**STORED DATA**
• • • •

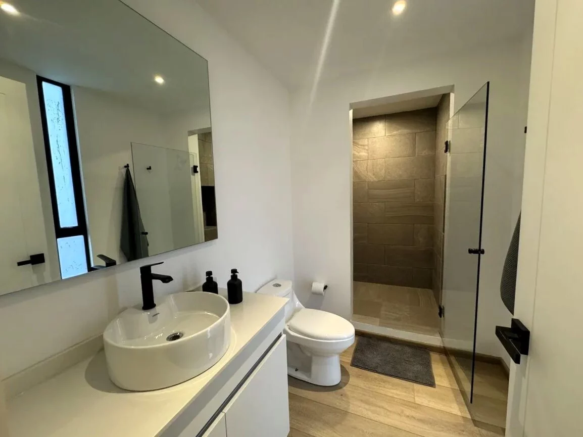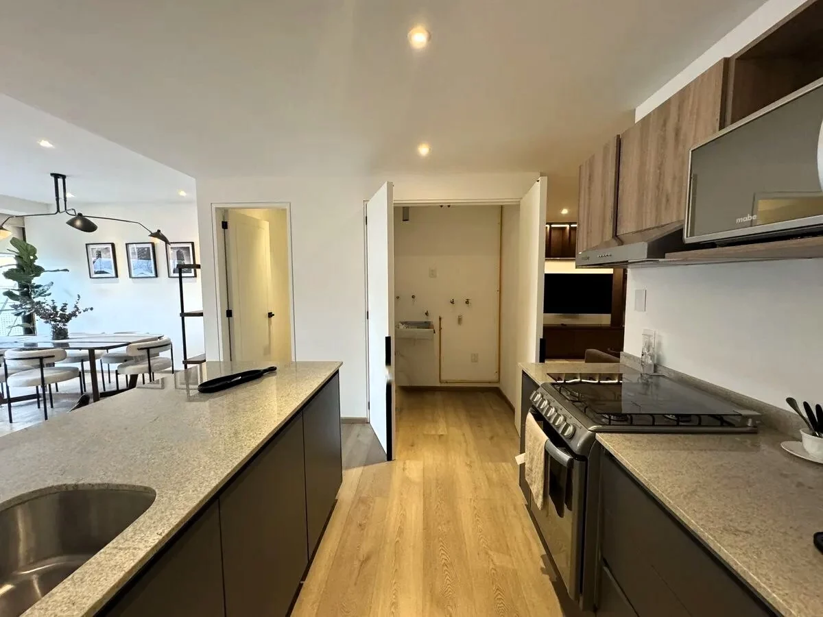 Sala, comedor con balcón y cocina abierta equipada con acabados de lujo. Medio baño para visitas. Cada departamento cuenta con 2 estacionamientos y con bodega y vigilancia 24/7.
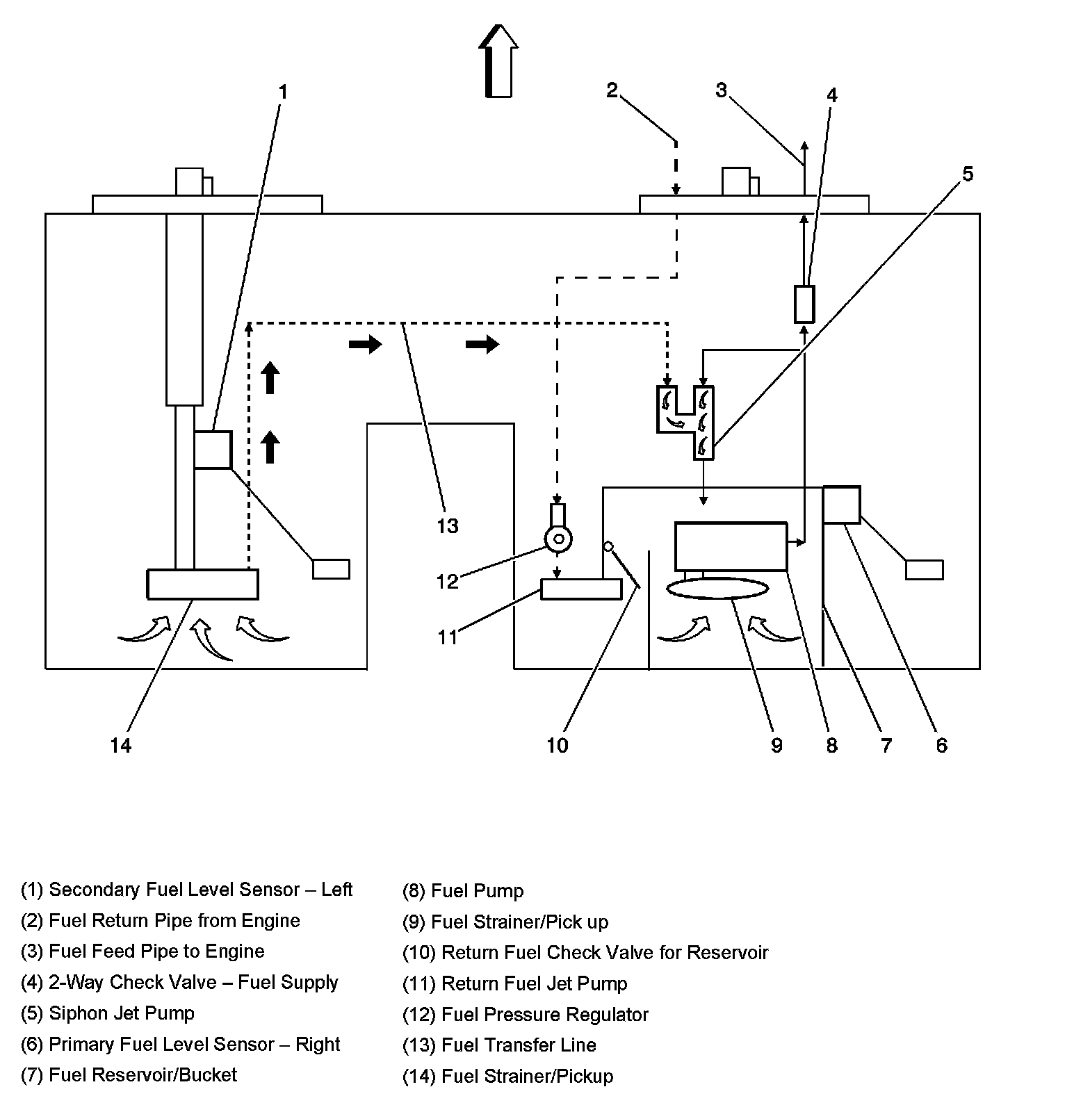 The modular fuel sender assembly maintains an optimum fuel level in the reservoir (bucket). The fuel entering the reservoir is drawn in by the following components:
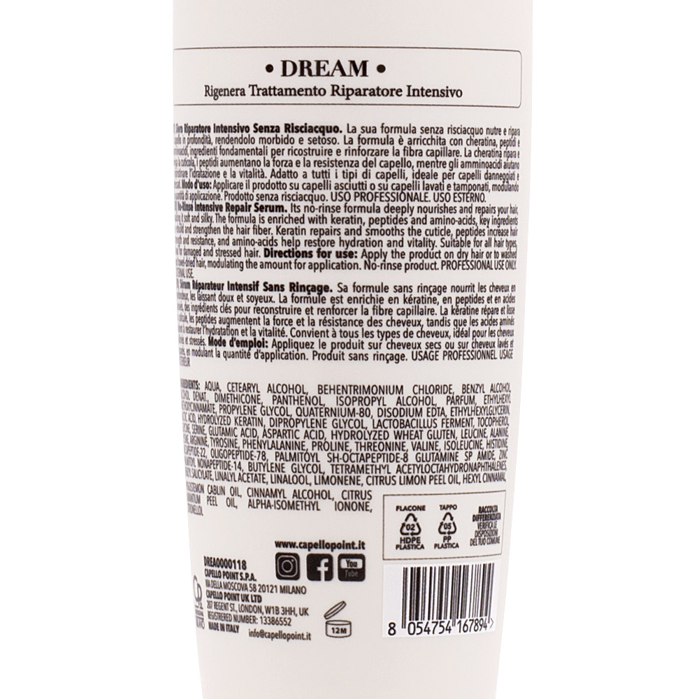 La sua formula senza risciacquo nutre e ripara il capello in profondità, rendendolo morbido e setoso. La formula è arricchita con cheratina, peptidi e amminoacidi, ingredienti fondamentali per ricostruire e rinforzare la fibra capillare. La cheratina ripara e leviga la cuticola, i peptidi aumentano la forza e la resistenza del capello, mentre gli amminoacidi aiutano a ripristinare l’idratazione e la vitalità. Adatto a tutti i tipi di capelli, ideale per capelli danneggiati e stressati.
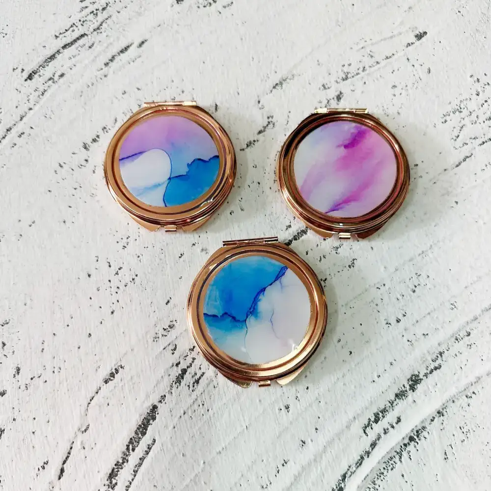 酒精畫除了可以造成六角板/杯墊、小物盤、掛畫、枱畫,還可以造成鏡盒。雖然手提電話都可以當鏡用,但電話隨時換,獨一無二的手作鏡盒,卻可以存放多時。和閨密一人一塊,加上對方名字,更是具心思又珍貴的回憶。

• • • •

The listing is to be repeated exactly, with its pictures removed.

**ANSWER SPACE**
 Sala, comedor con balcón y cocina abierta equipada con acabados de lujo. Medio baño para visitas. Cada departamento cuenta con 2 estacionamientos y con bodega y vigilancia 24/7.
 The modular fuel sender assembly maintains an optimum fuel level in the reservoir (bucket). The fuel entering the reservoir is drawn in by the following components:
 La sua formula senza risciacquo nutre e ripara il capello in profondità, rendendolo morbido e setoso. La formula è arricchita con cheratina, peptidi e amminoacidi, ingredienti fondamentali per ricostruire e rinforzare la fibra capillare. La cheratina ripara e leviga la cuticola, i peptidi aumentano la forza e la resistenza del capello, mentre gli amminoacidi aiutano a ripristinare l’idratazione e la vitalità. Adatto a tutti i tipi di capelli, ideale per capelli danneggiati e stressati.
 酒精畫除了可以造成六角板/杯墊、小物盤、掛畫、枱畫,還可以造成鏡盒。雖然手提電話都可以當鏡用,但電話隨時換,獨一無二的手作鏡盒,卻可以存放多時。和閨密一人一塊,加上對方名字,更是具心思又珍貴的回憶。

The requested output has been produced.